Some days are a LOT harder than others. Posting selfies is a lot harder than it looks for people like me. Especially during certain dark times.
This #selflovebootcamp is kicking my assand has become a huge trigger for me and all my insecurities, my hurt and past traumas.
I know though this is actually something I NEED TO FACE AND GO THROUGH its just extremely difficult. I admit I was starving myself again. It was doing nothing to change my weight really, since I have hashimotos disease, and am going through menopause ( due to a full hysterectomy and hormones not working), and medication, the list goes on, I'm mostly in a wheelchair.
I'm FORCING myself to EAT an apple right now and oatmeal this morning literally forced it down my throat.
Every time I think I've got this recovery thing down, it's tricked me.

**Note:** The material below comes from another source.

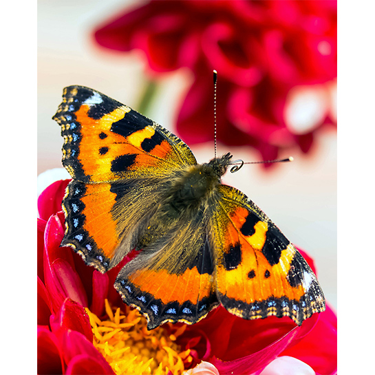 Deze vlinder de kleine vos kun je in Nederland tegenkomen. De kleine vos komt voor in heel Europa en het noordelijk deel van het Arabisch Schiereiland tot Siberië, China en Japan. De kleine vos heeft een voorvleugellengte van 22 tot 25 millimeter. De basiskleur van de bovenkant van de vleugels is oranje. Een mooie vlinder om te schilderen. Op het schilderen op nummers doek zie je één vlinder en op de achtergrond zie twee mooie rode bloemen. Een mooi project, waarmee je uren zoet mee bent.

And then I have to take a good hard look at myself and say is this what I want my kids to see???
And go through themselves? ??
I want them to be confident, strong, never doubt how beautiful they are INSIDE and OUTSIDE!
Yet here I am, the hypocrite.
I'm crying several times a day.
Facing many of my demons-
On and on
Trying to be the BEST MOMMY I CAN BE!
Pouring FROM THE MOST EMPTY CUP EVER!
I am facing my fears head on and I am terrified.
But So glad I am doing this.
I am glad I'm forcing myself to eat.
And facing my "demons".
Are you going through something similar?